Techniques of Cost Reduction

A cost-cutting strategy is a proactive approach to reducing spending. Cost reduction is the elimination of excess or unnecessary costs in the production and operation processes through the use of various methods and techniques. It is defined as the achievement of a real and permanent reduction in the unit cost of goods manufactured or services rendered without compromising their suitability for the intended use or lowering product quality. A cost-cutting strategy is a proactive approach to reducing spending.

There are several tools and techniques such as just in time system, activity based management, target costing, total quality management etc. used for the purpose of cost reduction.

The following are the widely used techniques of cost reduction:

  • Just-In-Time (JIT) System

The primary goal of JIT is to produce the required items in the required quality and quantity at the precise time required. Demand-pull enables a company to produce only what is required, in the correct quantity and at the correct time. JIT purchasing is required for items that have high carrying costs due to holding a large inventory level. Because of the frequent ordering of small quantities, the purchasing system reduces the investment in inventories.

  • Target Costing

Target costing refers to the design of a product and the processes used to manufacture it so that it can be manufactured at a cost that allows the firm to profit when the product is sold at an estimated market-driven price. Take a look at all of the data for expenses. You should create a snapshot as well as an itemized list of your expenses. This will assist you in determining where your money is going. This is frequently a quick way to identify waste. This estimated price is referred to as the target price.

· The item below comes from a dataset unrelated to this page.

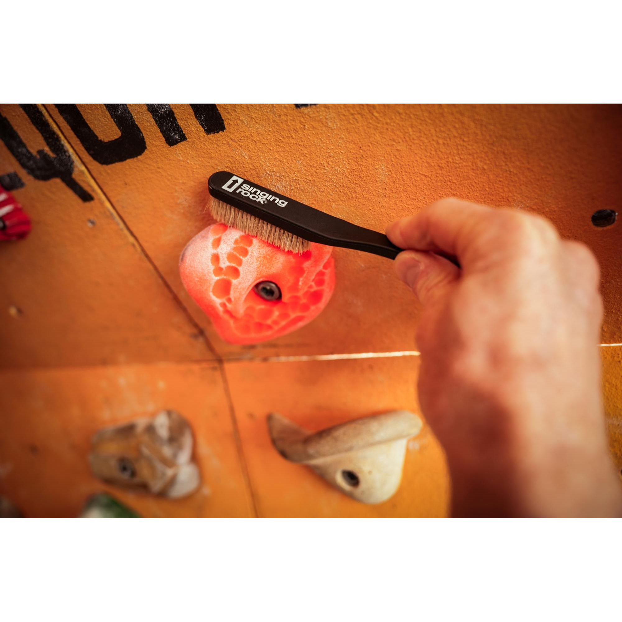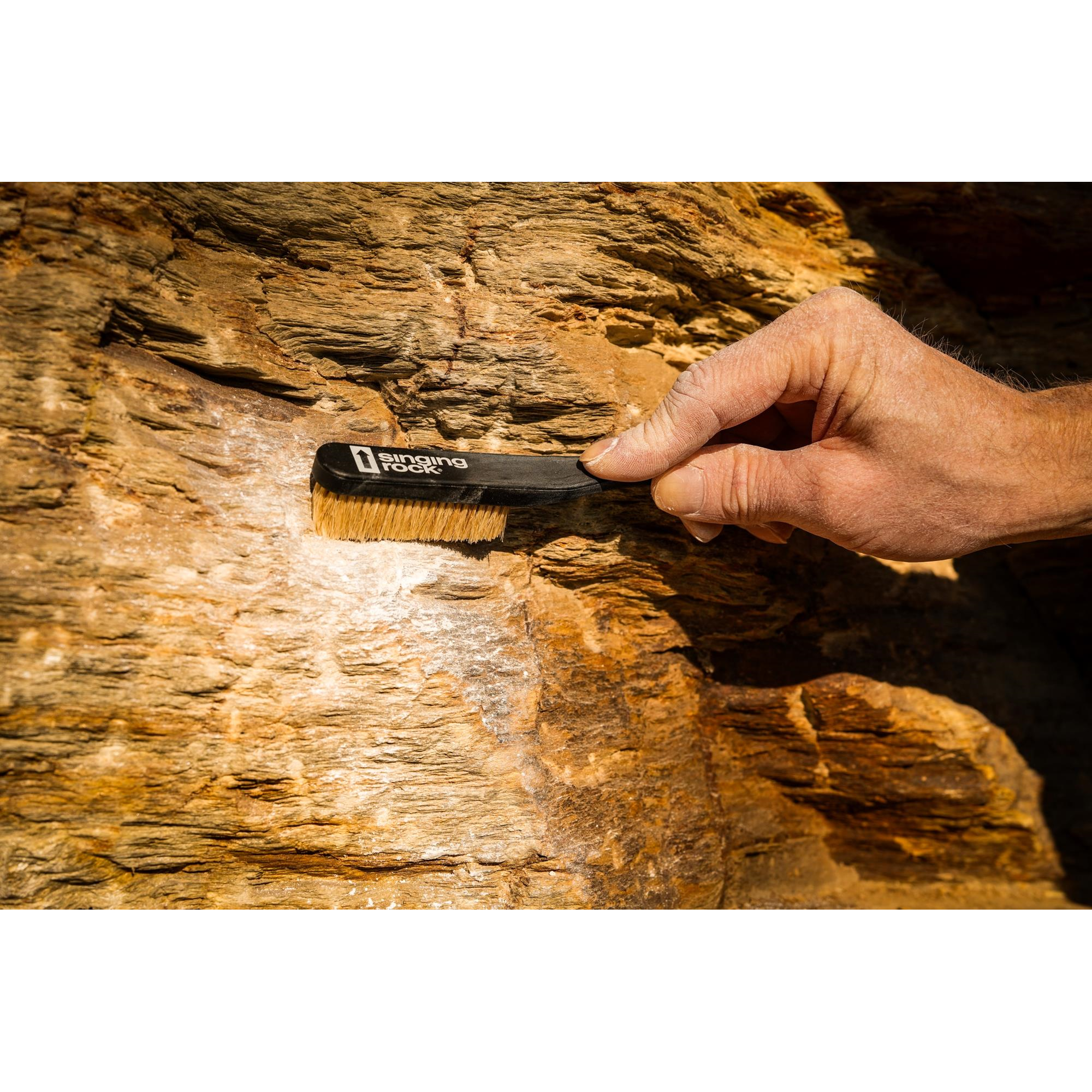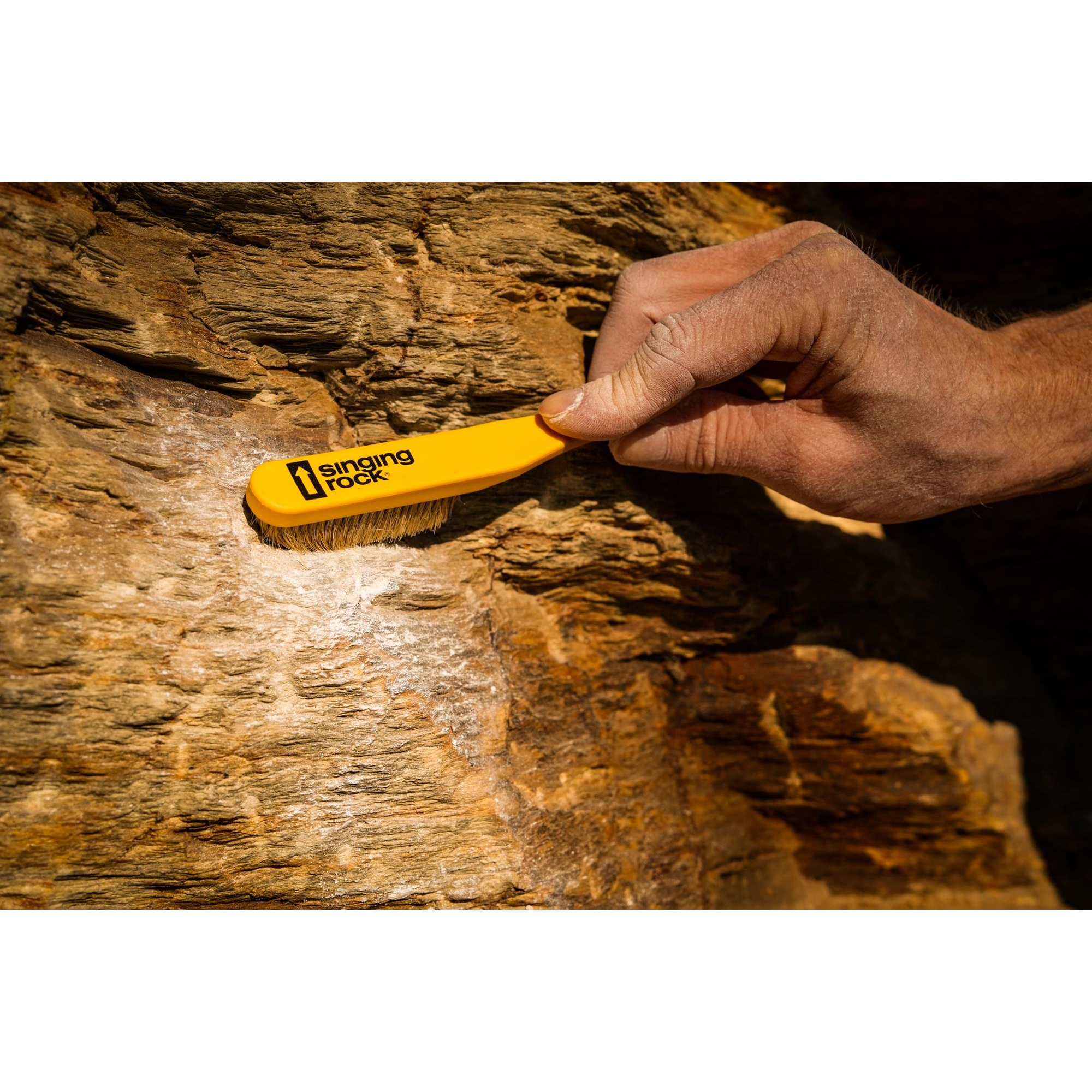 La clave del éxito en una vía difícil son la fuerza, la técnica y las presas bien limpias. La fuerza y la técnica dependen de ti. El cepillo de escalada CHALK BRUSH te ayudará a limpiar las presas.

  • Activity Based Management (ABM)

Activity based management is the use of activity based costing to improve operations and to eliminate non-value added cost. The main goal of ABM is to identify and eliminate non-value added activities and costs.

  • Life Cycle Costing

Life cycle costing estimates and accumulates costs over a product’s entire life cycle to determine whether the profits earned during the manufacturing phase will cover the costs incurred during the pre- and post-production stages. Before you can look at ways to cut costs, you must first set realistic goals. This allows you to quickly determine the success of your initiatives. Specific and detailed goals should be set. In addition, you must establish milestones for measuring progress.

  • Business Precess-re-engineering

Re-engineering is the complete redesign of a process with an emphasis on finding innovative new ways to achieve a goal. The goal of business process re-engineering is to improve an organization’s key business processes by focusing on simplification, cost reduction, improved quality, and increased customer satisfaction. It is a fundamental tenet of value engineering that basic functions should be preserved rather than reduced as a result of pursuing value improvements.

  • Total Quality Management (TQM)

All business functions are involved in a process of continuous quality improvement under the TQM approach. It is the ongoing process of detecting and reducing or eliminating manufacturing errors, streamlining supply chain management, improving the customer experience, and ensuring that employees are trained to the highest standards.

  • Value chain

Value chain analysis is a technique for increasing customer satisfaction while also managing costs more effectively. The value chain is a linked set of value-creating activities that extends from the sources of basic raw materials to component suppliers to the final end-use product or service delivered to the customer.

  • Bench Marketing

Bench marketing is the ongoing search for the most efficient way to complete a task by comparing existing methods and performance levels with those of other organizations or sub-units within the same organization.

  • Management Audits

Management audits, also known as performance audits, can help to reduce costs in both for-profit and non-profit organizations. Management audits are designed to assist management in performing better by identifying waste and inefficiency and recommending corrective action.